BEGIN

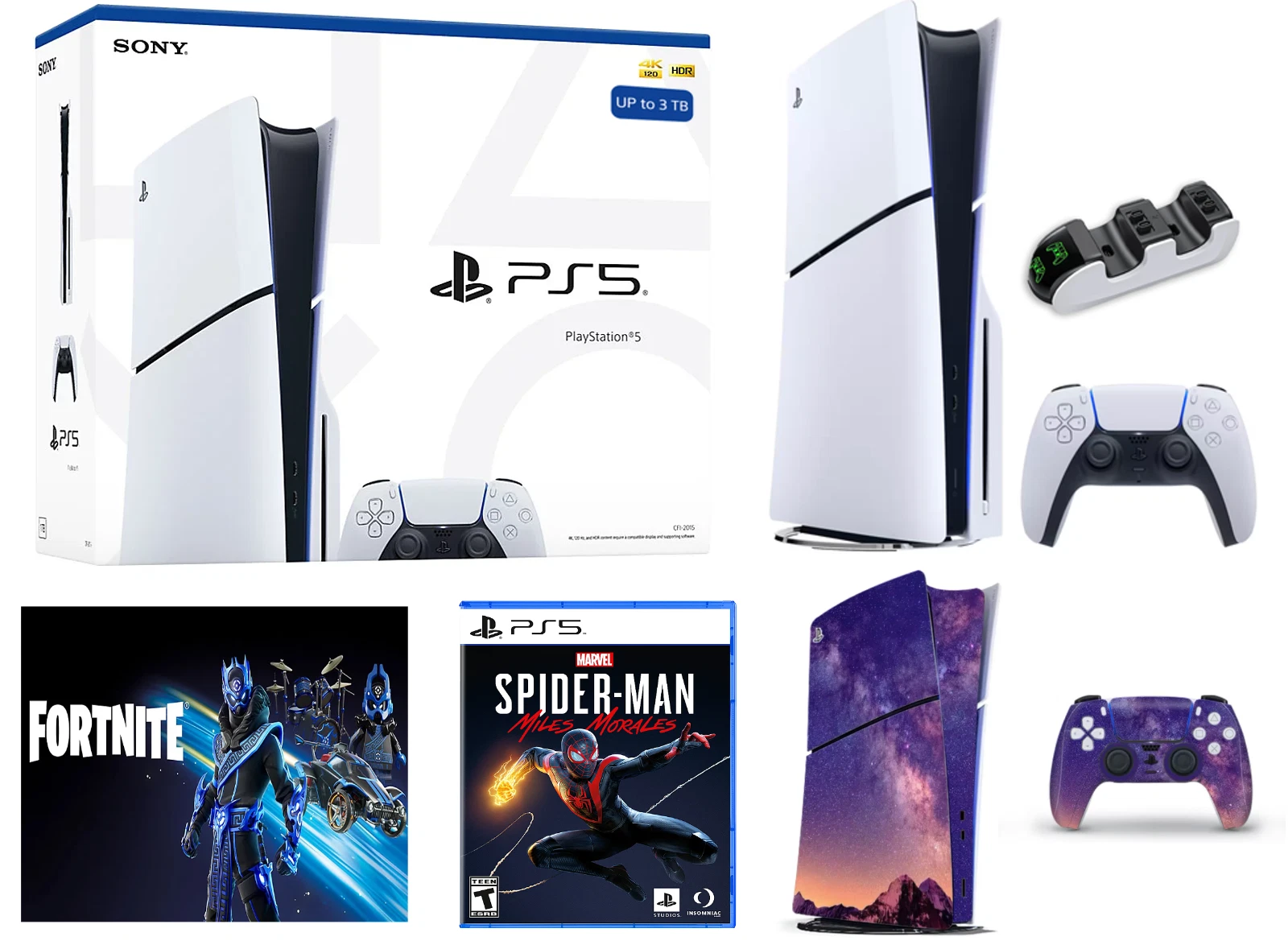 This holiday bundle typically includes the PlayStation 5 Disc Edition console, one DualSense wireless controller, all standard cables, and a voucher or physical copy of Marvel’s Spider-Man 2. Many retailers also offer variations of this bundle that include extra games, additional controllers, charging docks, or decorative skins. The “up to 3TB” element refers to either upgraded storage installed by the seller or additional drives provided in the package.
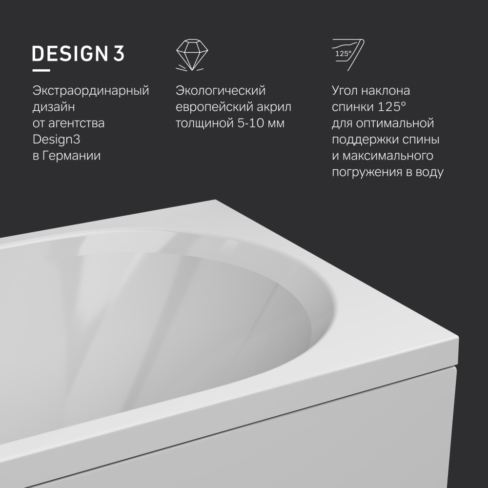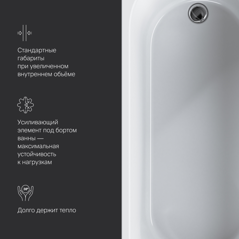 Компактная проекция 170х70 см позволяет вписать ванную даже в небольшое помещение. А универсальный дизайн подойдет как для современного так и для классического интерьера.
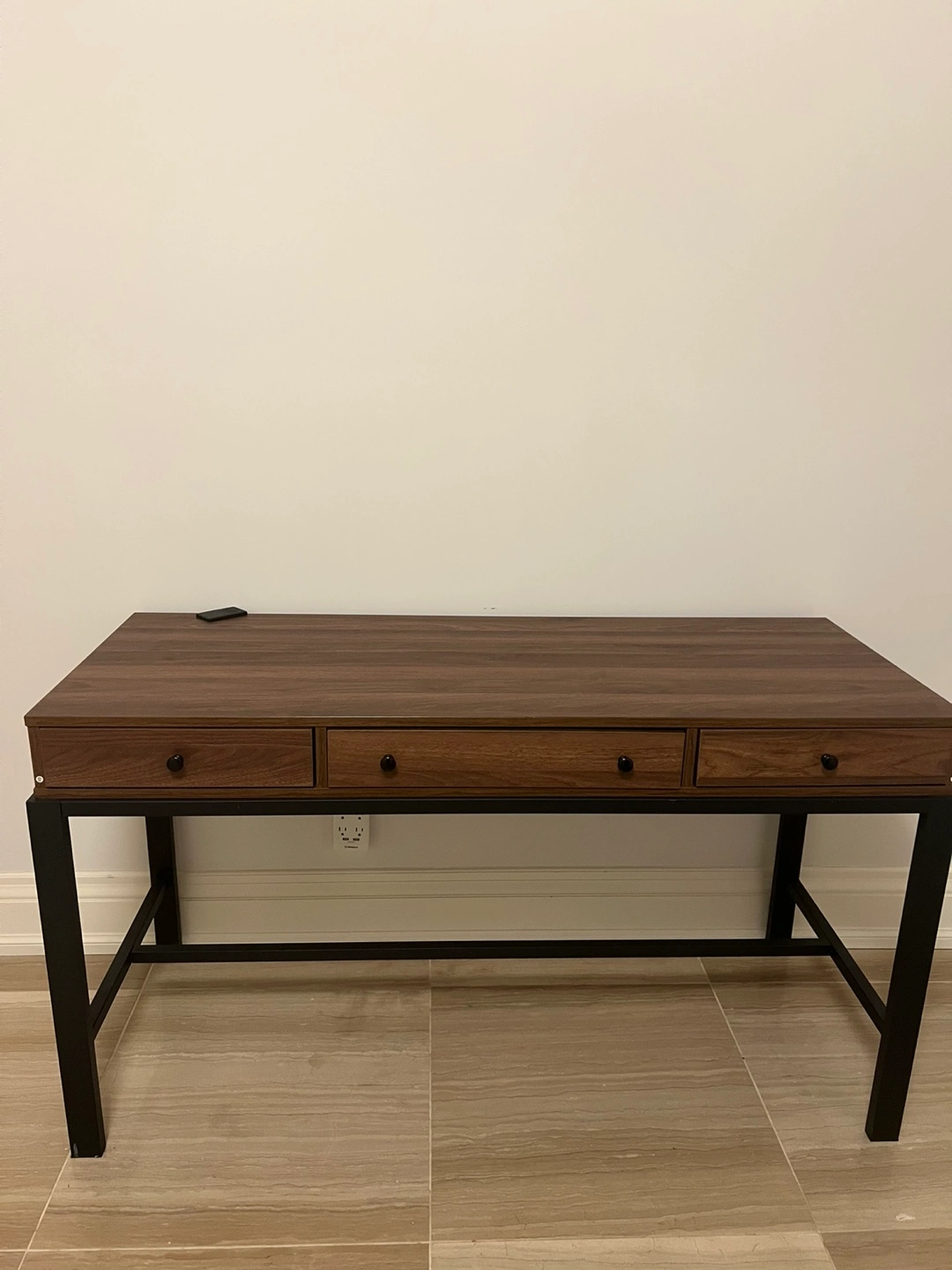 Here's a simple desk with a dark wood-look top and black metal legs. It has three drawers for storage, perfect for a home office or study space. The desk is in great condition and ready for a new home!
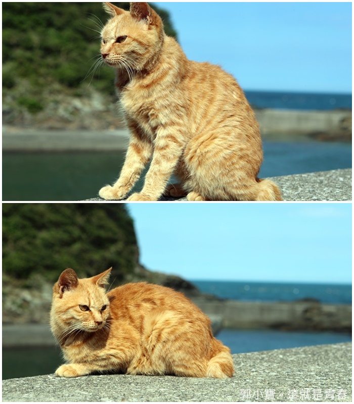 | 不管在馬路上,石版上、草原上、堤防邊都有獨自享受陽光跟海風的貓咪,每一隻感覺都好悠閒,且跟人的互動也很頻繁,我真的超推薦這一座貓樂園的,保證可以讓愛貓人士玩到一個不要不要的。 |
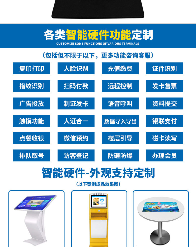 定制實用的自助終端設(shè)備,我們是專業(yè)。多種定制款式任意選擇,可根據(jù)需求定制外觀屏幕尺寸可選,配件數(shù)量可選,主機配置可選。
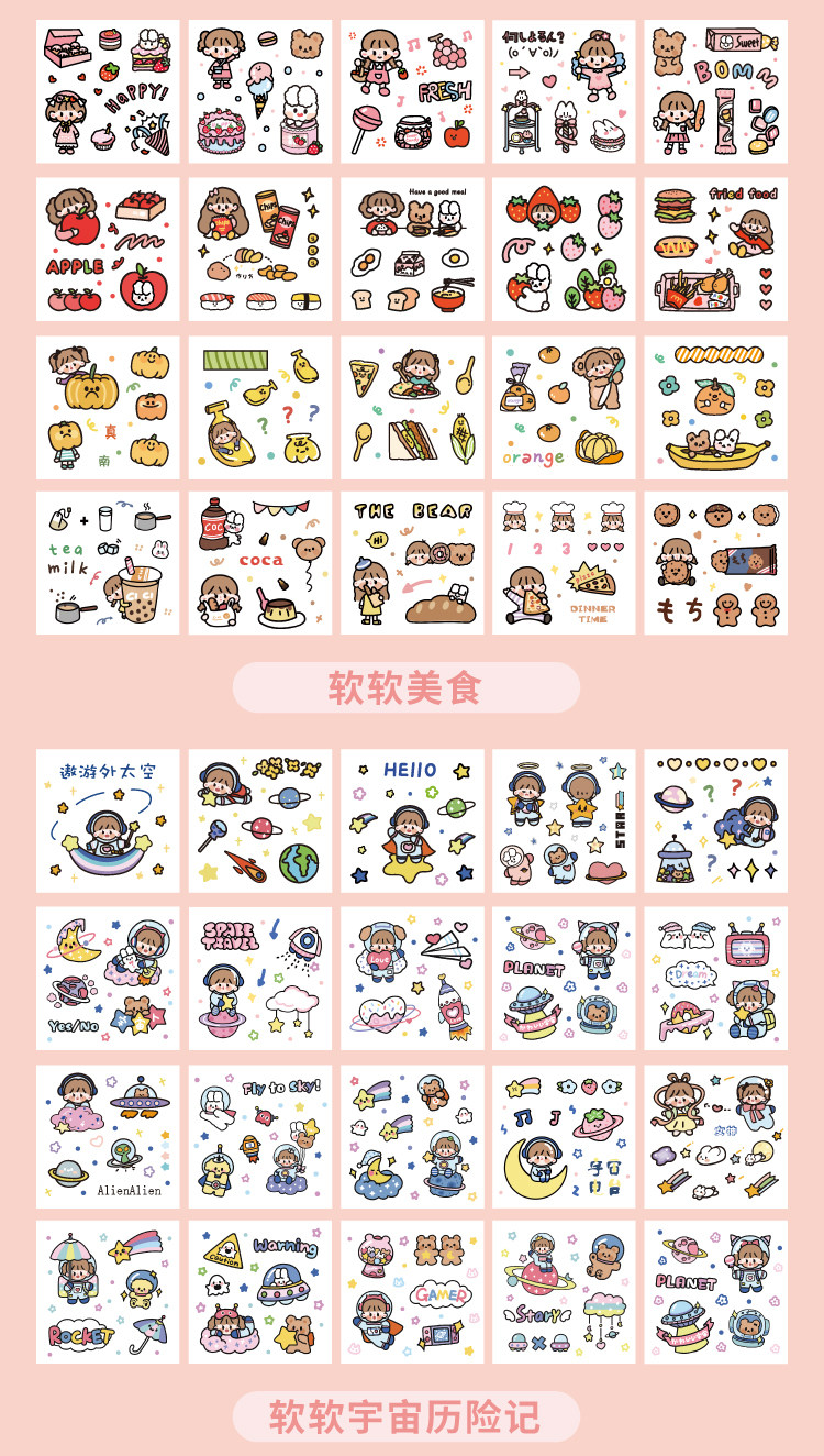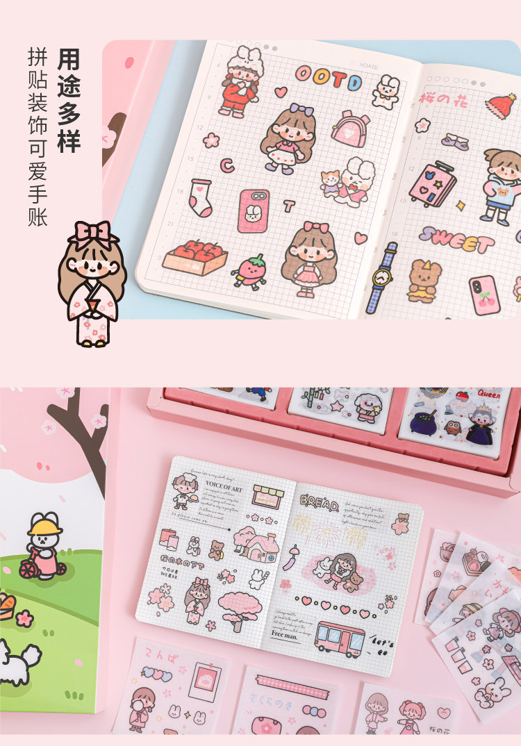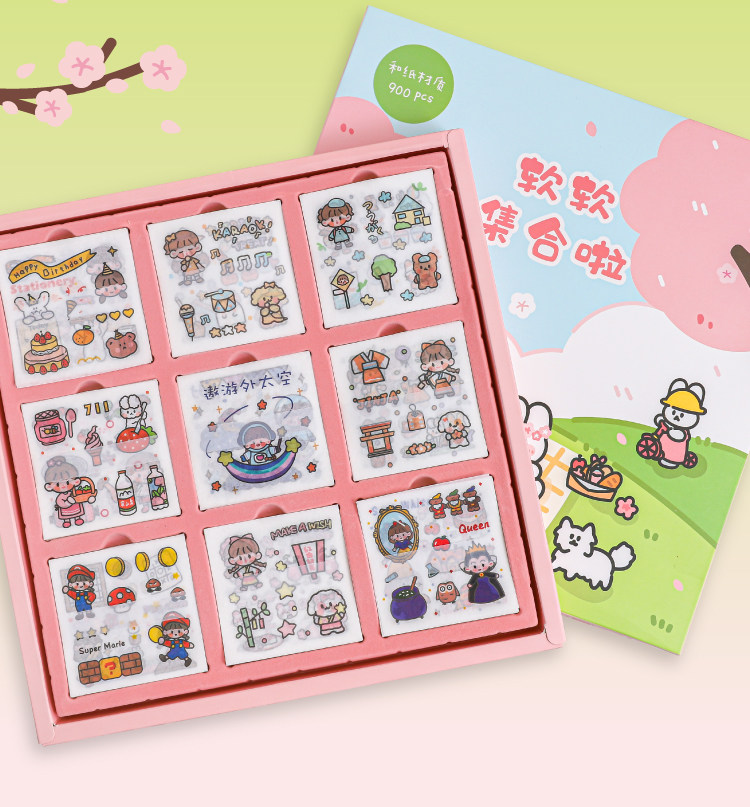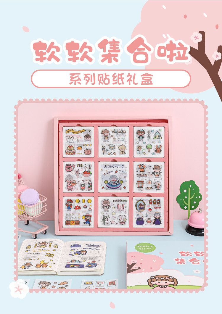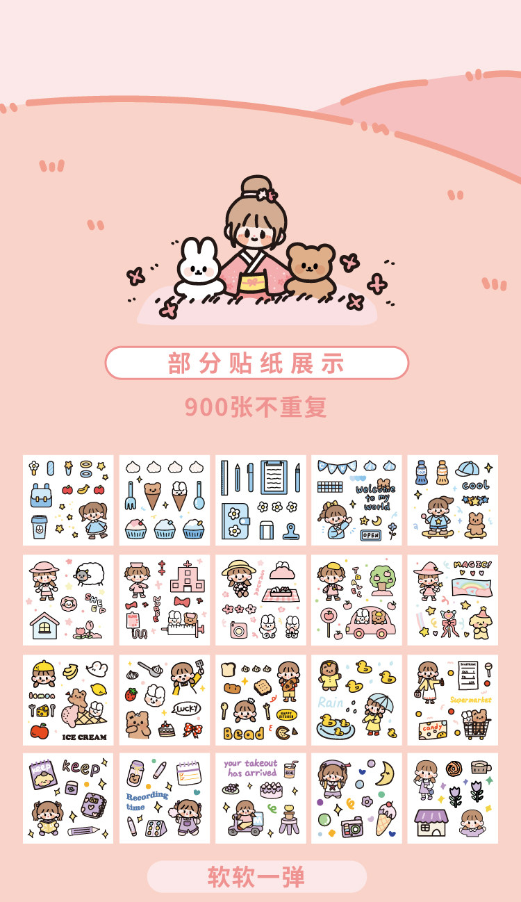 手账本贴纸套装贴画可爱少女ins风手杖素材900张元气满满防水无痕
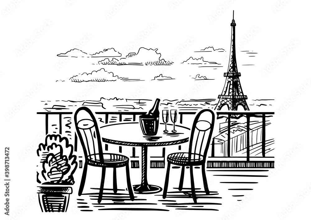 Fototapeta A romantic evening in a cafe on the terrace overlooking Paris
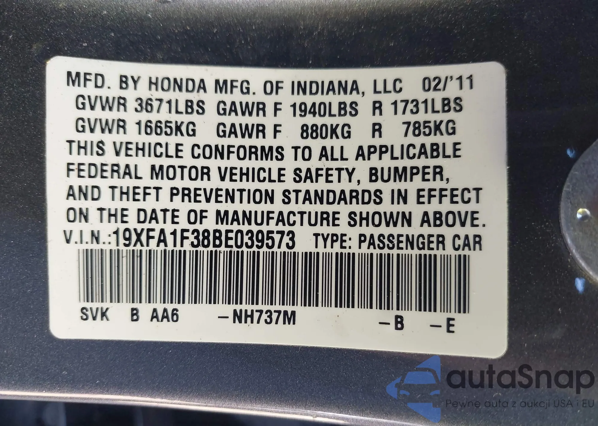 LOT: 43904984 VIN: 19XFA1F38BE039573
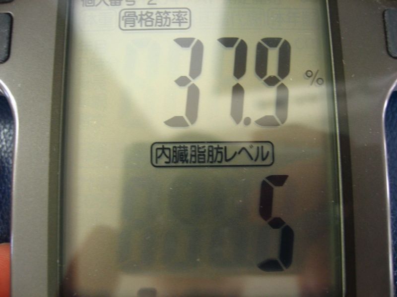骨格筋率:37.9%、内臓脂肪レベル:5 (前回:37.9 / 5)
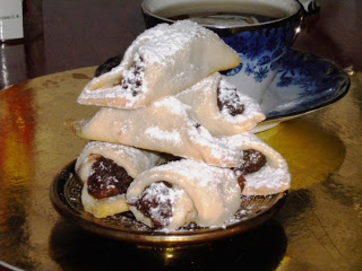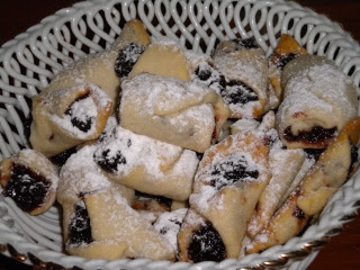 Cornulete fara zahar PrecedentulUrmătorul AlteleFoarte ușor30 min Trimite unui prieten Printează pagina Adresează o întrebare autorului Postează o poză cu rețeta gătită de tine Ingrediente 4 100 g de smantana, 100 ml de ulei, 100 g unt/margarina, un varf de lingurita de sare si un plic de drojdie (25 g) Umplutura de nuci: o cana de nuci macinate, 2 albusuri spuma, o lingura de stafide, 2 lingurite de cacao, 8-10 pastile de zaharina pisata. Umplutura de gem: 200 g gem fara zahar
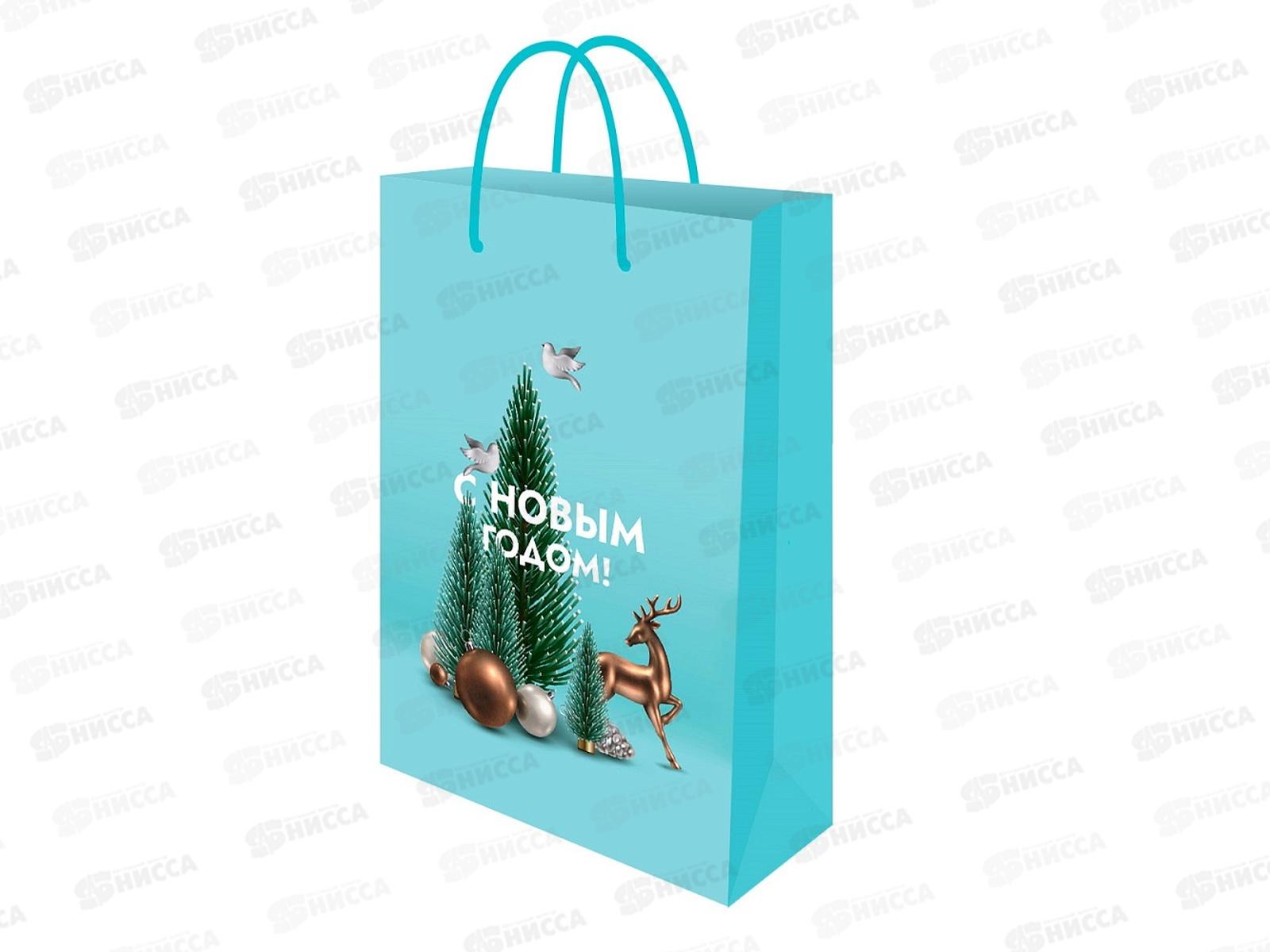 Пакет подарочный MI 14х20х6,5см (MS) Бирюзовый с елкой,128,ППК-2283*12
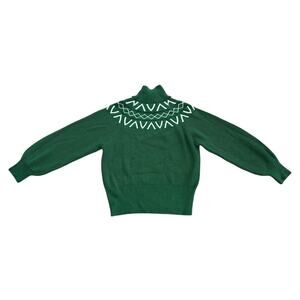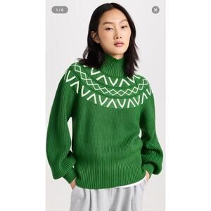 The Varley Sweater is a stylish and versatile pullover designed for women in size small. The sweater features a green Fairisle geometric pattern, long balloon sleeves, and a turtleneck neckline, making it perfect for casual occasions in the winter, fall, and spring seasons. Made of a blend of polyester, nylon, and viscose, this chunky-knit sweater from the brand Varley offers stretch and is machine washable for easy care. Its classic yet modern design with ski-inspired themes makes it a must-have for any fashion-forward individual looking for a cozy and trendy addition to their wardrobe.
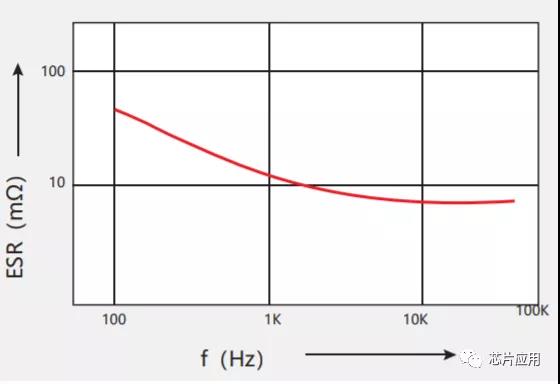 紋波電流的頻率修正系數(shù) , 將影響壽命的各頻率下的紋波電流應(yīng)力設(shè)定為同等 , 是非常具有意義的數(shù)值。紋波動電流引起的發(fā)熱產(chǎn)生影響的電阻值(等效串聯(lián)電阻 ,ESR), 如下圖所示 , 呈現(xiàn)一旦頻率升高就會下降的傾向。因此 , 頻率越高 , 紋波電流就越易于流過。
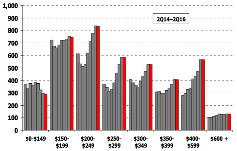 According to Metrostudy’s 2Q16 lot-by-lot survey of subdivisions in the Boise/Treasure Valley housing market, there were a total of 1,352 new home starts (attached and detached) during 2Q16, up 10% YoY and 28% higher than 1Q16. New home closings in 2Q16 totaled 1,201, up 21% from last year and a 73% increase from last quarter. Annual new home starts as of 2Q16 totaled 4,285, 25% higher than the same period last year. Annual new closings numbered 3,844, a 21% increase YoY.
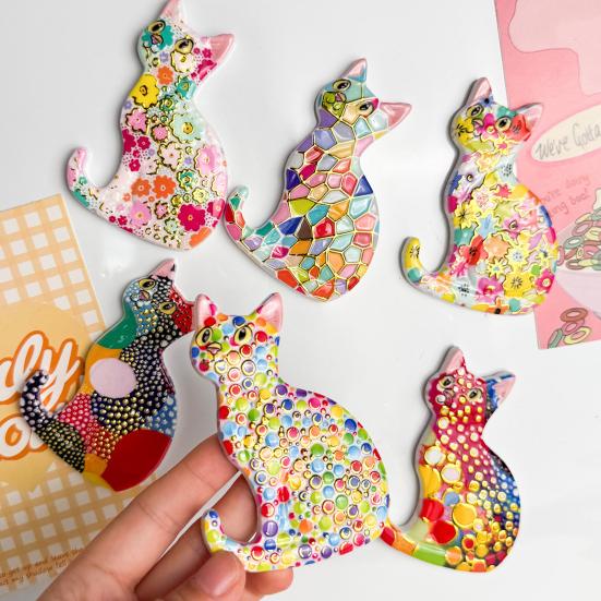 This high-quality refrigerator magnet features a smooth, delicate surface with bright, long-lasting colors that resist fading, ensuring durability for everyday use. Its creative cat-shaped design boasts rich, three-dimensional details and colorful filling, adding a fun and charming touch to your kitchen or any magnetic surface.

END

WHAT THE TASK ASKS » Word for word, retype the lines in the entries above that run from the one with "LOT: 43904984 VIN: 19XFA1F38BE039573" through the one with "骨格筋率:37.9%、内臓脂肪レベル:5 (前回:37.9 / 5)". Both ends count; pictures do not.

EXERCISE ANSWER »
 LOT: 43904984 VIN: 19XFA1F38BE039573
骨格筋率:37.9%、内臓脂肪レベル:5 (前回:37.9 / 5)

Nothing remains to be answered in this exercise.